Engaging in care around the home — that is, unpaid domestic work — sometimes even prevents women from entering the labor market in the first place and, consequently, inhibits their opportunities to earn a living and gain a certain extent of financial independence. The alternative most commonly available to them is poorly-paid informal employment, often in unfair and precarious conditions.
In these scenarios, it is women who have to overcompensate for the absence of public services with their time and effort, without monetary compensation for their contributions within the household. Female informal workers are not only the backbone of the Cambodian economy, but also of their families — the invisible hand that holds them together.
Policy and Kindness
Only pushing for the formalization of the informal economy does not tend to the roots of those problems. Unpaid care work, the gender pay gap, limited perspectives in terms of education, shortcomings in female health care and in reproductive rights, harassment and disrespect — these challenges also apply to women in formal employment.

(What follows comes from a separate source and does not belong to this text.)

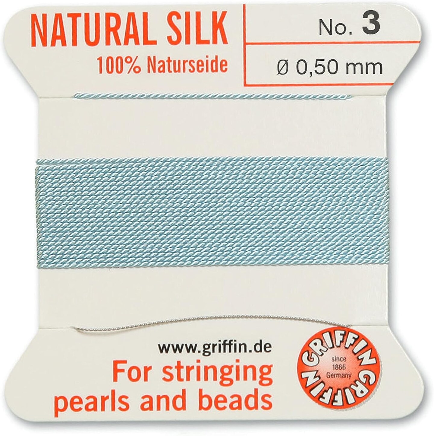 Griffin Silk Bead Cord Perlseide – Size 3 (0.50mm) – 2 Meters per Card – Stainless Steel Needle Attached – for Knotting Pearls, Gemstones, Crystals and Beads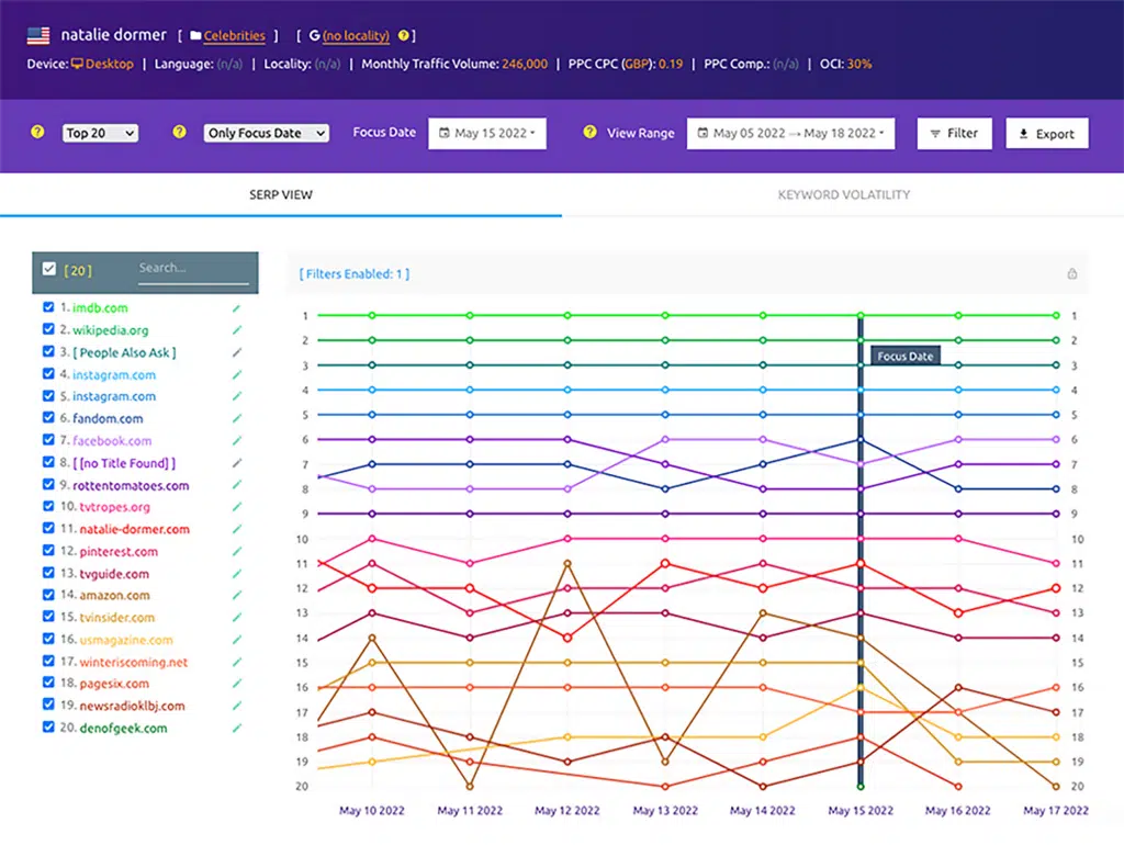 This information helps you analyze why rankings change over time, and provides insights you can use to create a more effective SEO strategy.

Caretaking and informal work — some of the weight of this double burden can be lifted off the shoulders of Cambodian women by extending public services. According to a study by Southeary You, founder of Next Women Generation, this means improved access to preschooling for all Cambodian children, extending the coverage of pension schemes to informal workers, and providing care programs for children and elderly people among Cambodia’s informal workers. These measures turn some of the duties traditionally assigned to women into a public concern.
Beyond those potential reforms, fruit-seller Srey Neang, 40, offers us her suggestion: to treat each other with kindness, recognition and respect. She welcomes Nang and me into her market stall with a warm smile as we buy a bag filled with jackfruit and mangoes.
Heading back to the office, the complexities of the policy challenges take a back seat in my mind for a time. I can’t help thinking that Srey Neang’s suggestion is exactly the change that every one of us can bring about.
Additional reporting by Oeurn Sreynang
Veronika Gruber works as a junior researcher at Konrad-Adenauer-Stiftung Cambodia and pursues a master’s degree in International Cooperation on Human Rights and Intercultural Heritage at the University of Bologna.
Oeurn Sreynang is a law student at the Royal University of Law and Economics in Phnom Penh. She also works as a junior researcher at Konrad-Adenauer-Stiftung Cambodia.